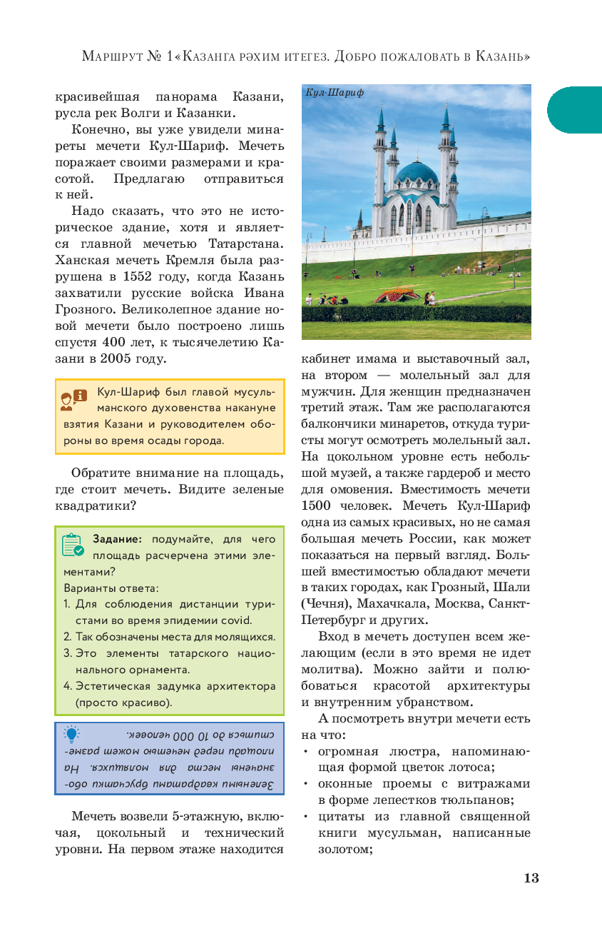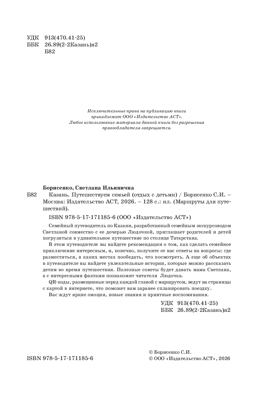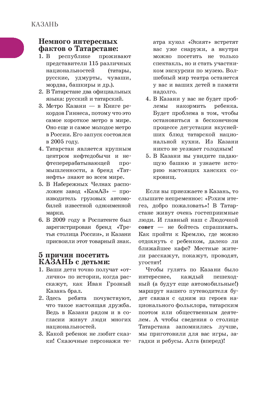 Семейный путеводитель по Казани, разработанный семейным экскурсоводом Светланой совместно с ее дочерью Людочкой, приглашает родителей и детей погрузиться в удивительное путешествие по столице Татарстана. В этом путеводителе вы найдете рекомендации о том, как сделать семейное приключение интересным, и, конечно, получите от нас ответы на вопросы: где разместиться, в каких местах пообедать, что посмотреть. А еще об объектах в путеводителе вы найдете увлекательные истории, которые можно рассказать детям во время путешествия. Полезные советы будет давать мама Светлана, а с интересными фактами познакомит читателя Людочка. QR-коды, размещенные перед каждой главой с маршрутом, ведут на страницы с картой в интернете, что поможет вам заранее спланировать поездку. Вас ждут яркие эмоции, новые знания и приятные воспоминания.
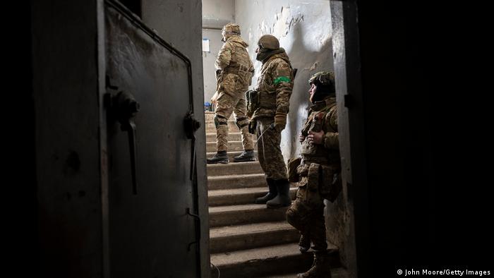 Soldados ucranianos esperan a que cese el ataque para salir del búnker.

◆ ◆ ◆ ◆ ◆ ◆ ◆

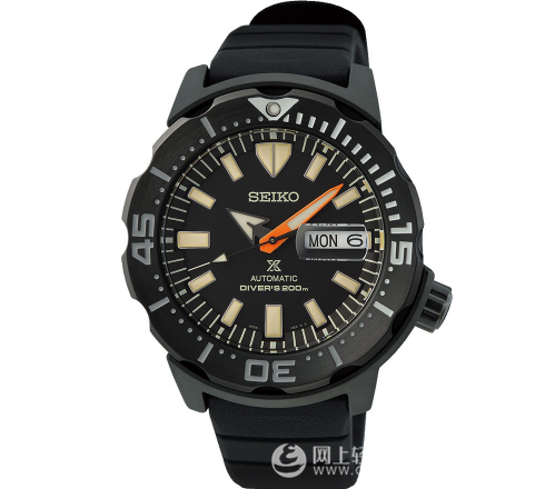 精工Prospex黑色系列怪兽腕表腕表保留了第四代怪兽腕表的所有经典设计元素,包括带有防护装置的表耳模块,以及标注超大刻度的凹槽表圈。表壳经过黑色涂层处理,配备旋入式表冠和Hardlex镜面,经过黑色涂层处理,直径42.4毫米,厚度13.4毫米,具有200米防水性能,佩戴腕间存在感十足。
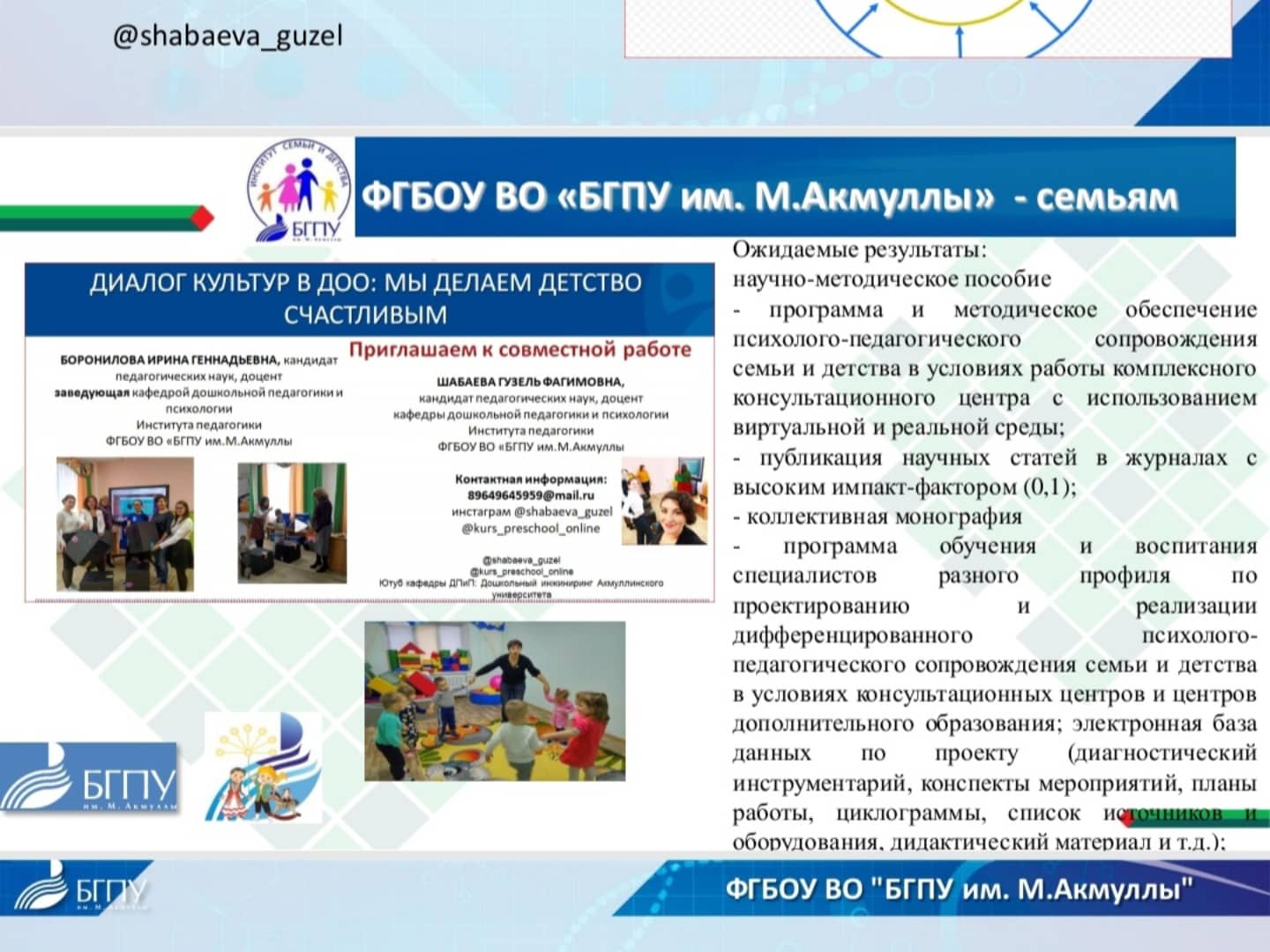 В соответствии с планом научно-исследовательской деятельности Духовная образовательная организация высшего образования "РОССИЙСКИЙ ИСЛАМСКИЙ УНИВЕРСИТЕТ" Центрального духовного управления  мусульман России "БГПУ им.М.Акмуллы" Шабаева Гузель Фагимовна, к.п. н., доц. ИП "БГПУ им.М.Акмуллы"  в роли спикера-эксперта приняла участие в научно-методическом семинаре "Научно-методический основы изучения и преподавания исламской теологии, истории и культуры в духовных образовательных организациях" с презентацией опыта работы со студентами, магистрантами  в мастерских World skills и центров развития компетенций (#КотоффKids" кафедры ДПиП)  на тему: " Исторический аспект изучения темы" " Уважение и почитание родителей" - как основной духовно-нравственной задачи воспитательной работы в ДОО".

◆ ◆ ◆ ◆ ◆ ◆ ◆

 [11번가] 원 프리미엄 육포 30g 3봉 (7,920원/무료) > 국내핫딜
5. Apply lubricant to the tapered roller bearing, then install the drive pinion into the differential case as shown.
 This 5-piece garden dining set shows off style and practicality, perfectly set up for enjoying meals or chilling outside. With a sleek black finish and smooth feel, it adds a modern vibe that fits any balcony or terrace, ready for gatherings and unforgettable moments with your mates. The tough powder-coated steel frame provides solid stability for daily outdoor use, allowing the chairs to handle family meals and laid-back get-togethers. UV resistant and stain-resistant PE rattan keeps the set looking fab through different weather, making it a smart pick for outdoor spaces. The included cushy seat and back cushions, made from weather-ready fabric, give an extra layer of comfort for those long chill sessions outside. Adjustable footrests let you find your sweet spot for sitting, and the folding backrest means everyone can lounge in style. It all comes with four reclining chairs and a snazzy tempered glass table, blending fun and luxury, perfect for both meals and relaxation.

◆ ◆ ◆ ◆ ◆ ◆ ◆

• _TASK DESCRIPTION_: Would you print exactly, and only, the lines of the data above from the line with "[11번가] 원 프리미엄 육포 30g 3봉 (7,920원/무료) > 국내핫딜" through the line with "This 5-piece garden", inclusive?

• _RESPONSE TO THIS EXERCISE_:
 [11번가] 원 프리미엄 육포 30g 3봉 (7,920원/무료) > 국내핫딜
5. Apply lubricant to the tapered roller bearing, then install the drive pinion into the differential case as shown.
 This 5-piece garden dining set shows off style and practicality, perfectly set up for enjoying meals or chilling outside. With a sleek black finish and smooth feel, it adds a modern vibe that fits any balcony or terrace, ready for gatherings and unforgettable moments with your mates. The tough powder-coated steel frame provides solid stability for daily outdoor use, allowing the chairs to handle family meals and laid-back get-togethers. UV resistant and stain-resistant PE rattan keeps the set looking fab through different weather, making it a smart pick for outdoor spaces. The included cushy seat and back cushions, made from weather-ready fabric, give an extra layer of comfort for those long chill sessions outside. Adjustable footrests let you find your sweet spot for sitting, and the folding backrest means everyone can lounge in style. It all comes with four reclining chairs and a snazzy tempered glass table, blending fun and luxury, perfect for both meals and relaxation.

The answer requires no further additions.